SPACE WIRE
East Timorese Nobel laureate praises 2002 winner Jimmy Carter
LISBON (AFP) Oct 11, 2002
East Timorese Foreign Minister Jose Ramos-Horta, who received the Nobel Peace Prize in 1996, hailed on Friday the decision to award the prize this year to former US president Jimmy Carter.

Ramos-Horta, who said he wrote to the Nobel Committee in Norway last year to nominate Carter, added he hoped the former president could use his prestige to resolve the ongoing dispute between the US and Iraq.

"He deserves the prize, he is an exceptional person.
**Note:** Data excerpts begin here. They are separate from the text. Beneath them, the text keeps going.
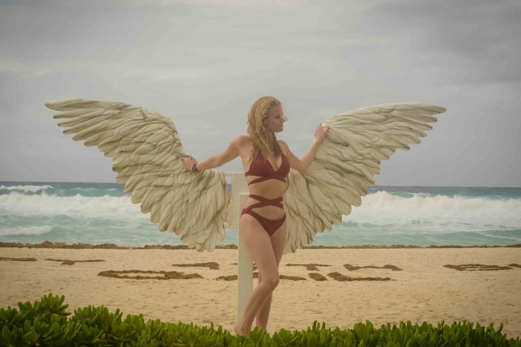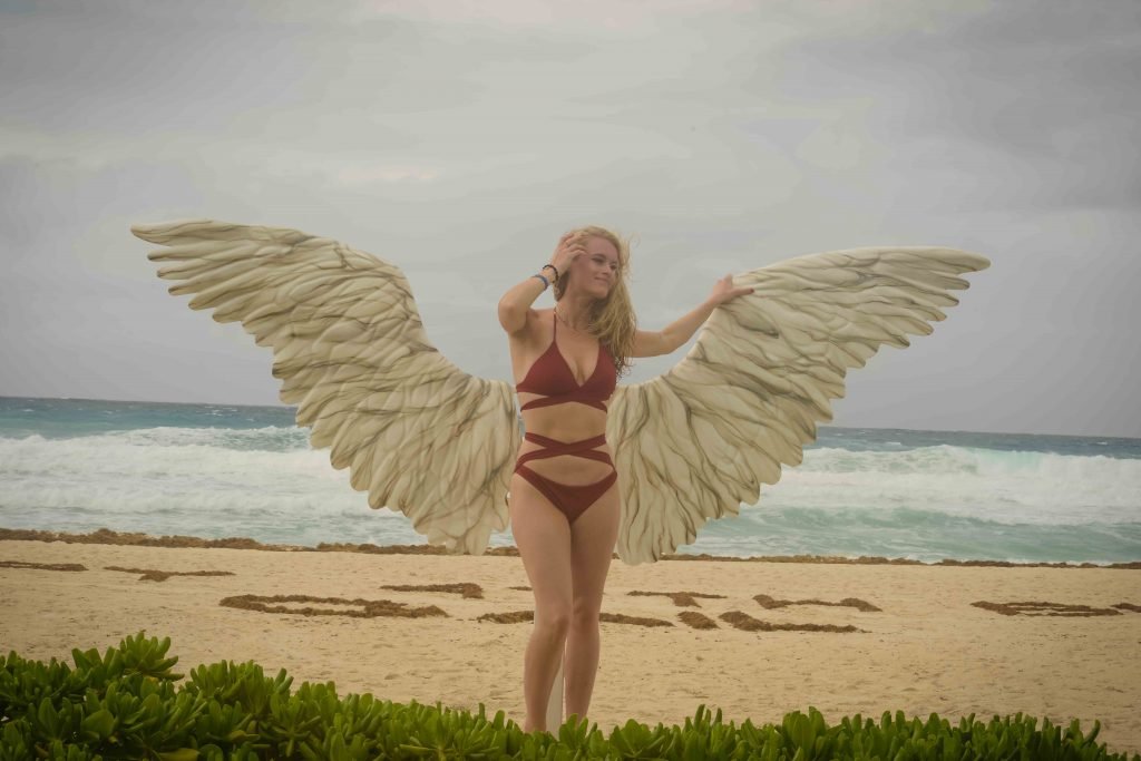 Голливудская звезда Левен Рамбин устроила настоящее театральное шоу во время романтического отпуска с новым мужчиной, появившись на пляже в бикини и с крыльями, 22.05.2018.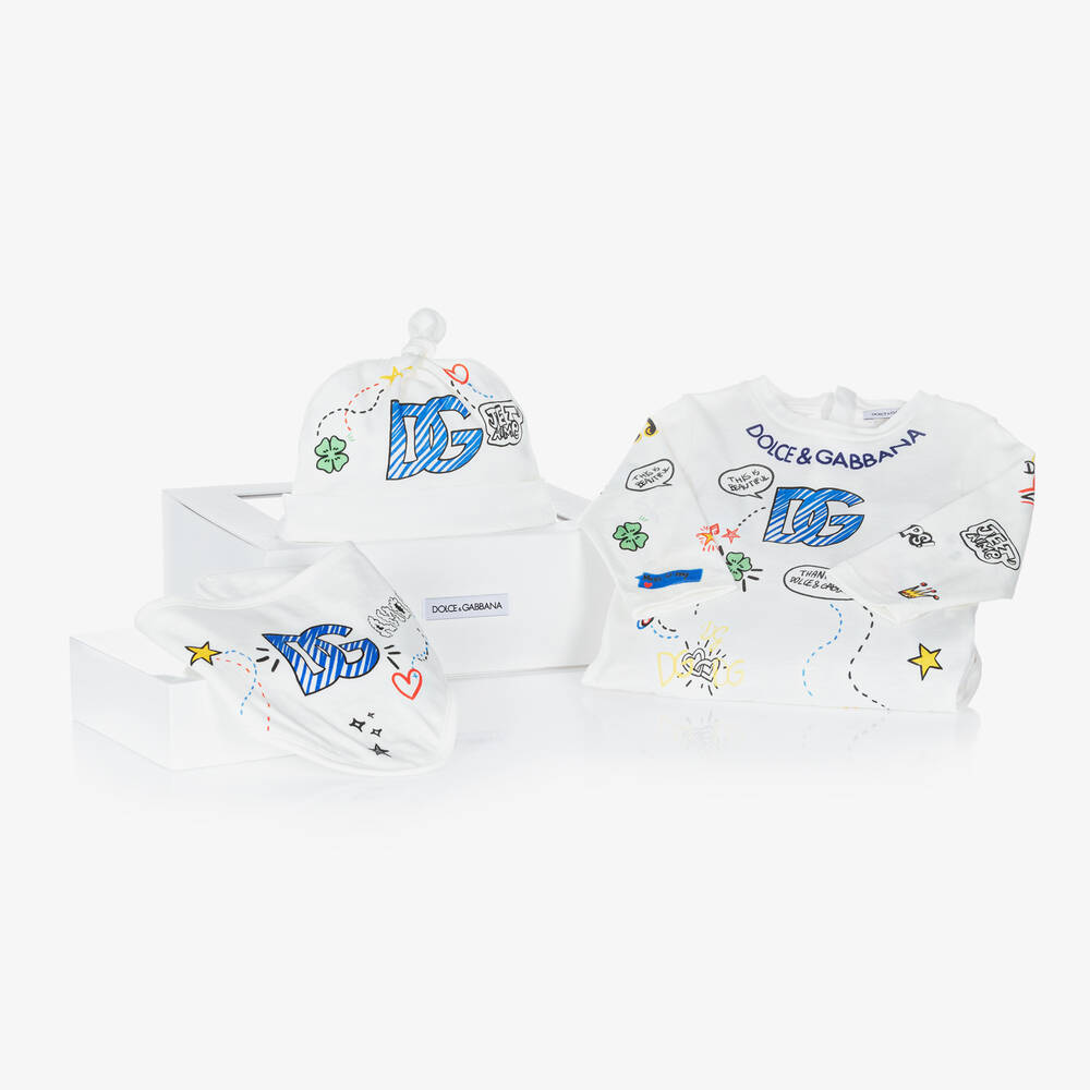 White babygrow, hat and bib gift set for boys by luxury Italian brand Dolce & Gabbana, made in soft, lightweight cotton jersey. All three pieces have bright and colourful graphic prints, featuring fun slogans and the brand's recognisable DG logo. The babygrow fastens with poppers on the back and between the legs. The triangular bib has an absorbent lining and adjustable popper fastenings on the back. Completing the set is a double-layer hat with a turned-up brim and a cute top knot. They are all presented in a beautiful gift box.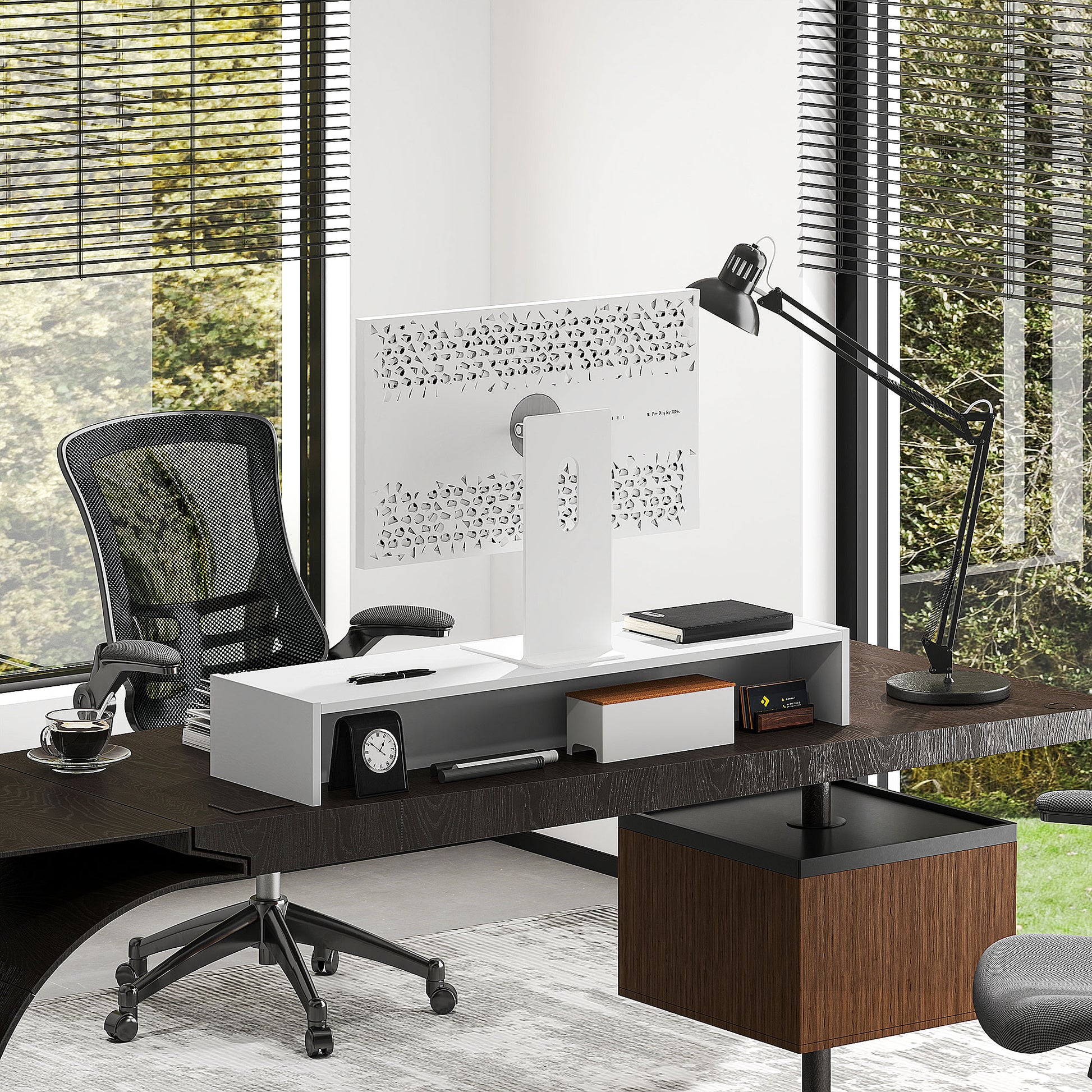 HOMCOM Stojan na PC Monitor s 2 Úložnými Priestorami, Stojan na Stôl z Dreva pre Prenosný Počítač a Monitor, Nosnosť do 16kg, 100x27x15 cm, Biela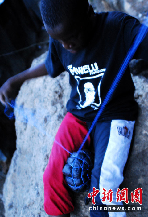 生活在肯尼亚首都内罗毕(Nairobi) Muthare难民营的小孩儿没有能力买足球、足球鞋,更别说专业足球队员穿的成套的球衣了。但是这些没有给他们对足球运动的喜爱产生任何影响。孩子们从当地的垃圾堆捡来塑料口袋和塑料碎片,自己动手做“足球”。 图片来源:CFP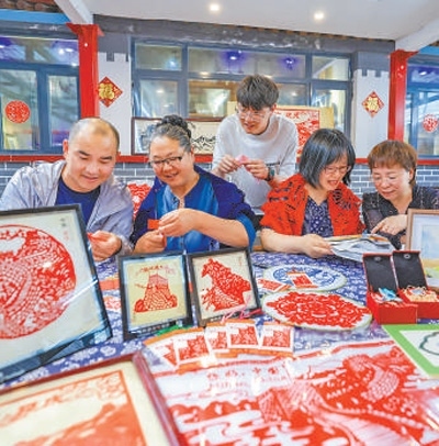 自2018年建成以來,石峽村村史博物館成為村民定期培訓(xùn)的地方,也逐漸成為游客來石峽村游玩的打卡地之一。博物館以實物、文字、影像等方式展現(xiàn)了村落歷史、非遺項目、居家生活、農(nóng)耕勞作等內(nèi)容?!拔覀冞€推出了帶有長城元素的布藝、剪紙、羽毛畫等互動體驗項目?!辈┪镳^負責(zé)人魏曉蕓說。
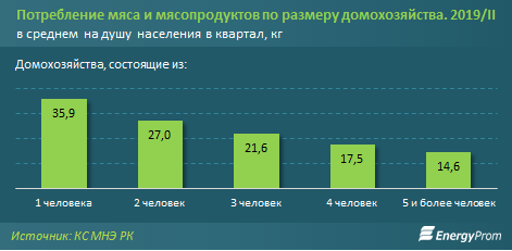 В домохозяйствах, состоящих из одного человека, потребление мяса составило 35,9 килограмма. Отмечается, что чем больше людей в домохозяйстве, тем меньше потребление мяса и мясопродуктов. В домохозяйствах, состоящих из двух человек, за второй квартал употребили 27 килограммов мяса и мясопродуктов на каждого, из трех - 21,6 килограмма, из четырех - 17,5 килограмма, из пяти и более человек - лишь 14,6 килограмма.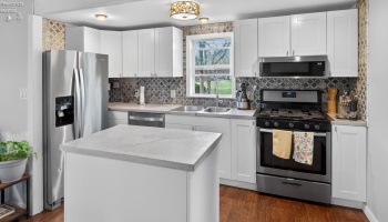 Exceptional quality is evident throughout this 3 BR, 2 BA brick ranch, which was thoughtfully maintained and updated at every turn! Set on 1.6 +/- acres with a wooded view, offering a country feel while still close to everyday conveniences. The open kitchen features granite counters, custom soft-close cabinetry, ceramic backsplash and flooring, plus an eating area.
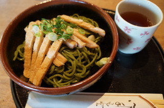 | お昼は、「竹の子」さんで、茶そばを頂きました。 | ぶっかっけたぬき茶そばは、550円です。 |
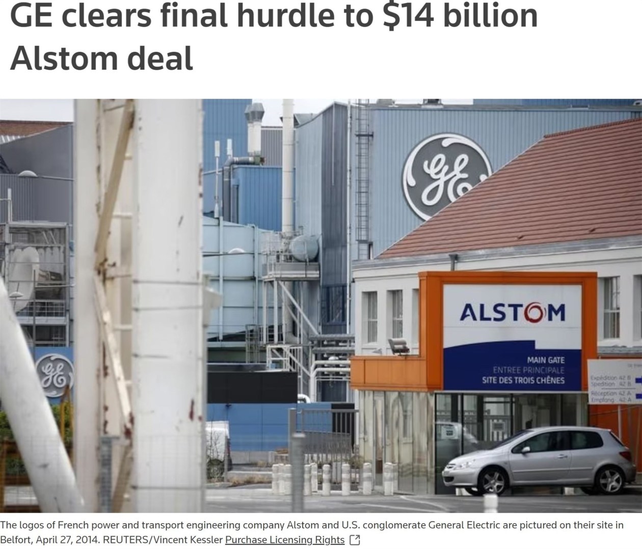 △路透社:2015年9月,美國(guó)通用電氣公司掃清了以140 億美元收購(gòu)阿爾斯通電力設(shè)備業(yè)務(wù)的最后障礙。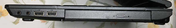 左端から、スピーカー/マイク、USB2.0 2個、HDDを取り付けた変換マウンタ
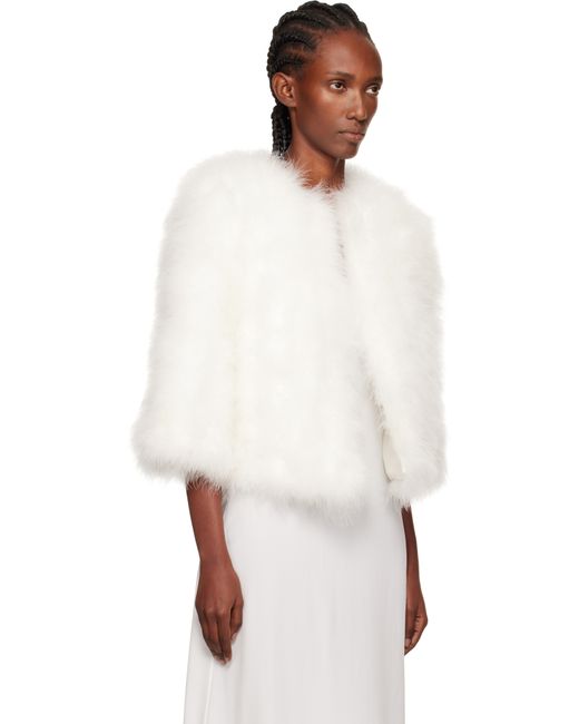 Lightweight turkey feather jacket. · Round neck · Hook-eye closure · Welt pockets · Cropped hem · Three-quarter sleeves · Full silk satin lining Supplier color: Meringue Body: 100% turkey feather.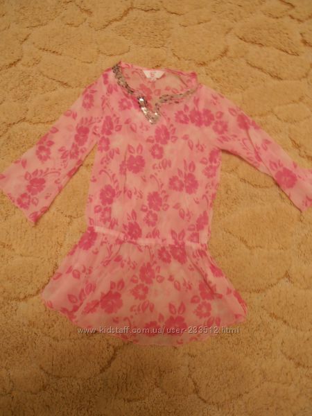 фото 5 легенькая шифоновая туника розовая в малиновые цветы написан рост 128, но мы носили и на рост 116см длина 55см, ширина 33, плечи 25, рукав 3/4 -37см - 45грн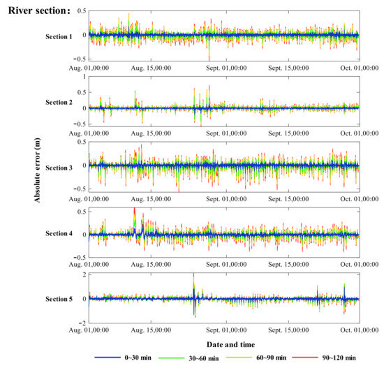 The absolute error of Section 5 is obviously higher than that of the other four sections, which is due to the larger variation range of the water level. However, from the perspective of the change degree, the average error of Section 5 in the next 90–120 min is 2.81 times those of 0–30 min, which are 0.128 m and 0.046 m respectively, while the increase of the other four sections is more than 4 times.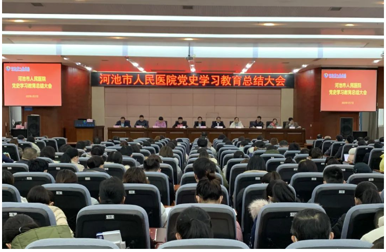 河池市人民医院党委书记韦义甜同志传达了中央、自治区、市委、市卫生健康党工委党史学习教育总结会上的讲话精神,并从三个方面对医院党史学习教育的主要做法和成效作总结。他指出,医院党委紧紧围绕“学党史、悟思想、办实事、开新局”的总要求,以抓住三个“节点”、用好三种“学习”、聚焦三个“核心”为抓手,全面协同推进党史学习教育走深走实,取得显著成效。2021年,医院共获得20项集体表彰,36人次个人表彰,其中,国家级5项,自治区级24项,市级27项。党建医联体建设工作经验获《河池改革简报》专题刊发,并得到人民网总网推广报道;医院申请设置的“一院两区”通过自治区现场核验。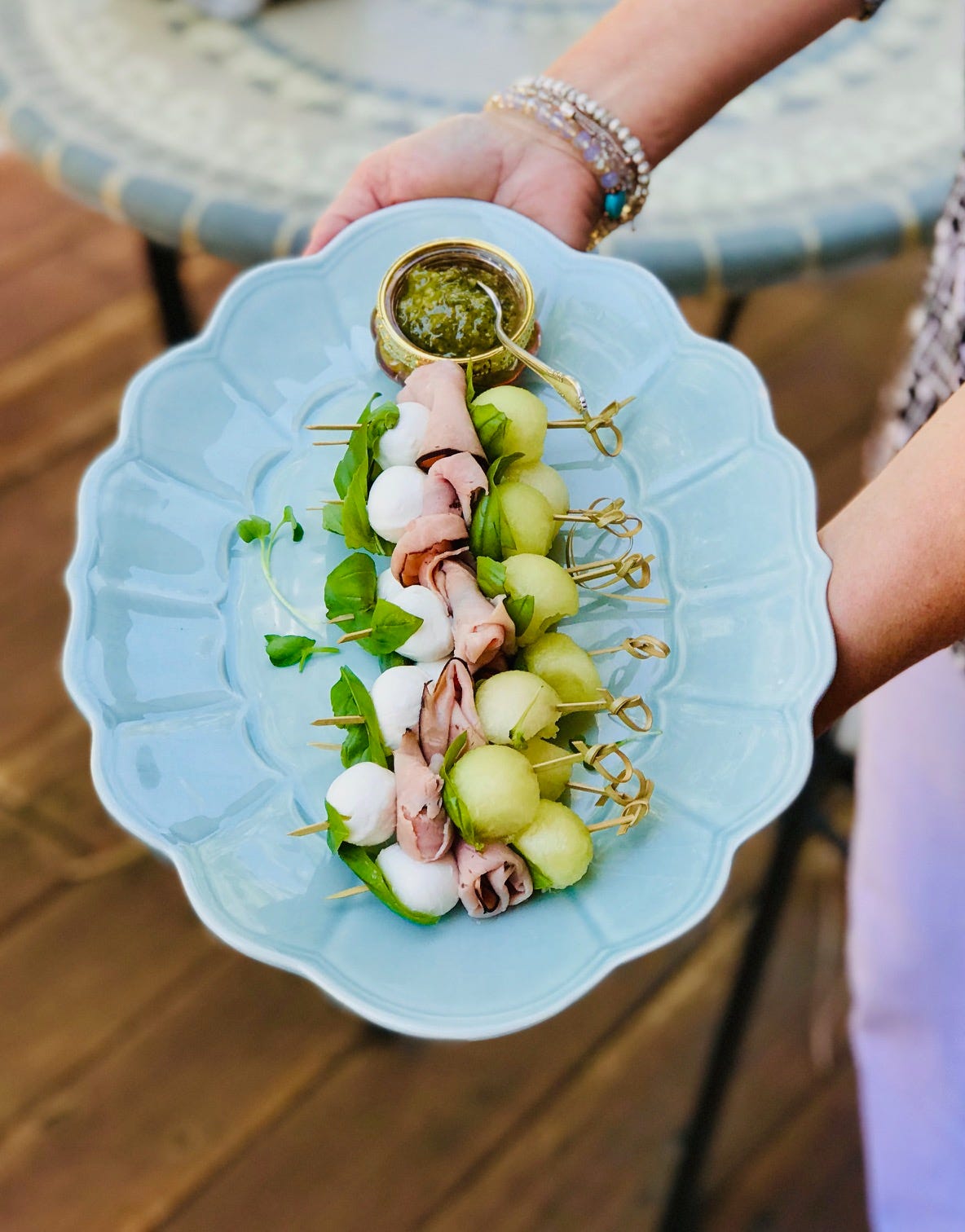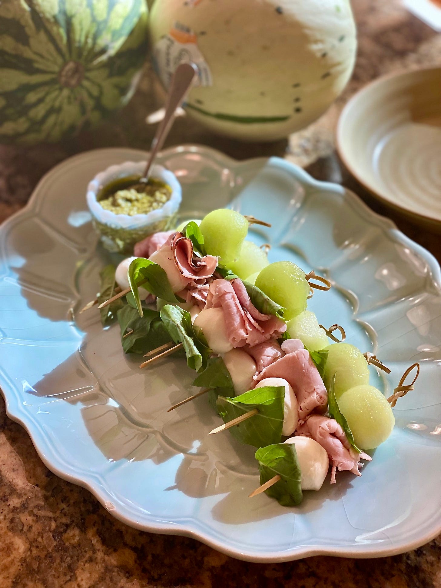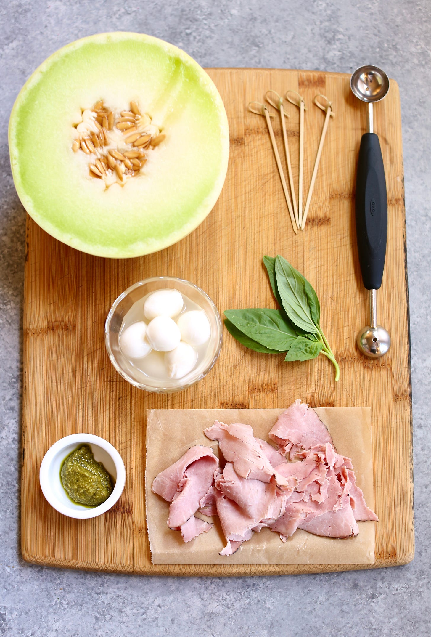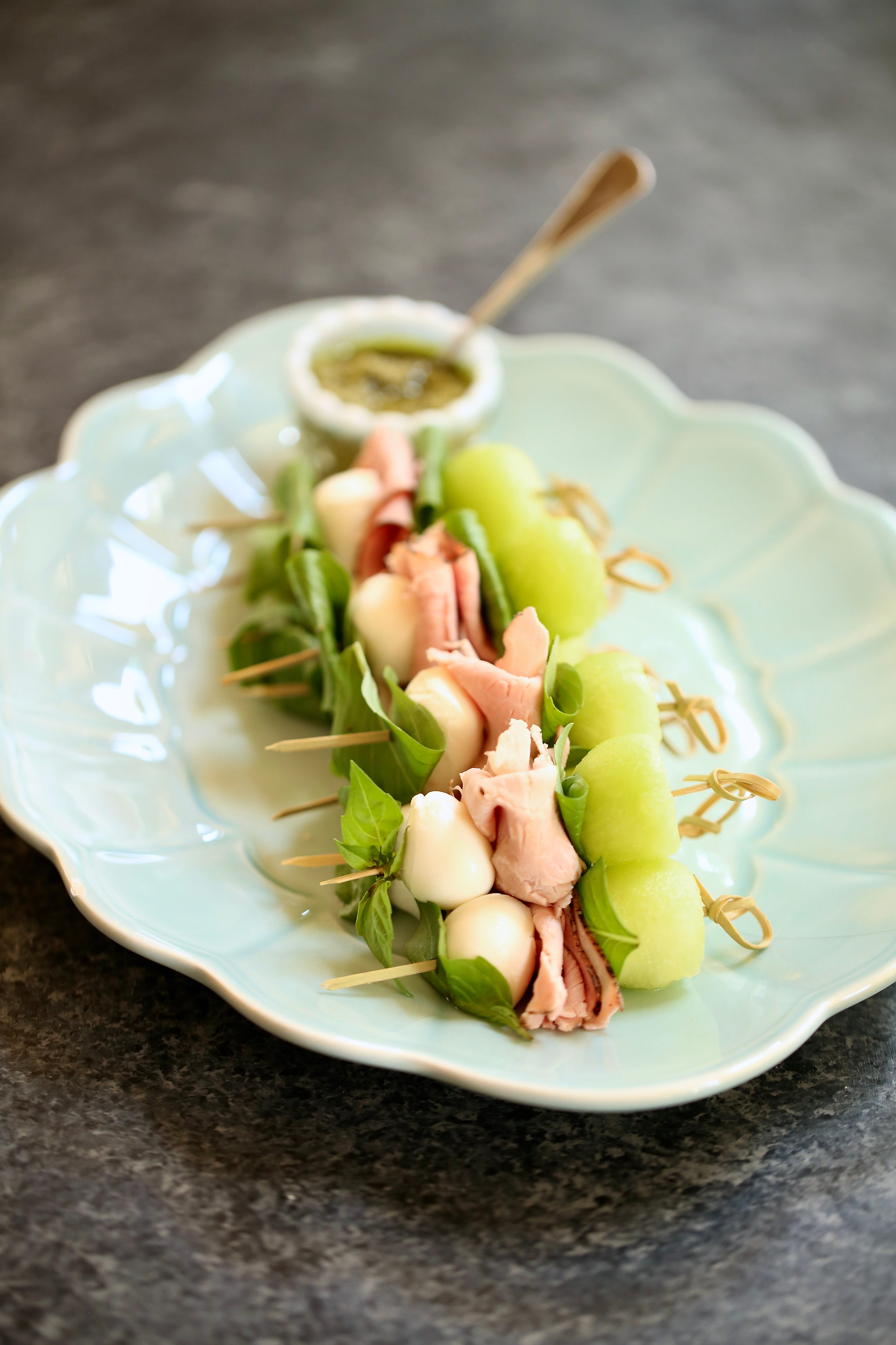 Scoop some melon balls, thread them onto skewers with basil, folded ham, and mozzarella, then arrange everything on a platter with a bowl of pesto for dipping. Slightly messy, very low effort.
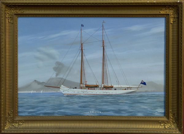 | studies of the British Yacht 'Halcyon' at sea by night and day, the Bay of Naples beyond in the daylight study | |

The choice this year could not have been more just," he told Portugal's Lusa news agency.

Ramos-Horta was awarded the Nobel prize for peace together with Roman Catholic Bishop Carlos Ximenes Belo for their non-violent struggle for independence from Indonesian rule in East Timor.

Portugal colonised East Timor for four centuries before it abruptly withdrew in 1975, leaving the territory to be annexed by Indonesia. East Timor officially became independent in May.

"Perhaps the Nobel Committee is betting that Jimmy Carter, as a Nobel Peace prize winner and a great figure, could relieve the spirit of confrontation that exists at this moment between Iraq and the US," Horta said, adding Carter could perhaps meet with Iraqi president Saddam Hussein.

Carter made an appeal for exhausting all alternatives to war with Iraq in an interview with CNN television after the announcement that he had been awarded the Nobel peace prize.